* _Records for this exercise_:
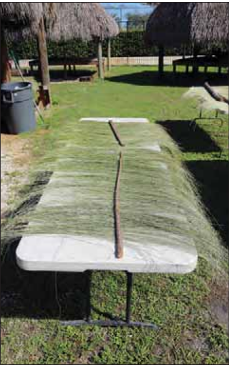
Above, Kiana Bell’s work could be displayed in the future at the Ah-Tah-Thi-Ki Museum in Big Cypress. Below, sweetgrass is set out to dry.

...

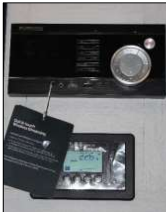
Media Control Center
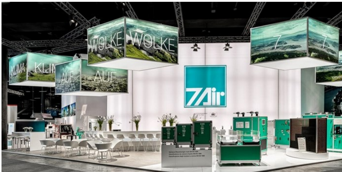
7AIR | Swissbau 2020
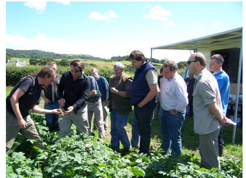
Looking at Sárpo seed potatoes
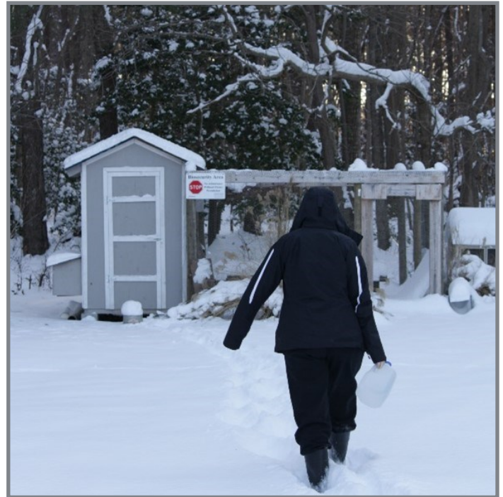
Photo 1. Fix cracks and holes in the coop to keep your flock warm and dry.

* _Work request_:
Extract the part of the records that opens with the line containing "Looking at Sárpo seed potatoes" and closes with the line containing "Photo 1. Fix". Take only those lines, exactly, and no pictures.

* _Expected output_:
Looking at Sárpo seed potatoes
Photo 1. Fix cracks and holes in the coop to keep your flock warm and dry.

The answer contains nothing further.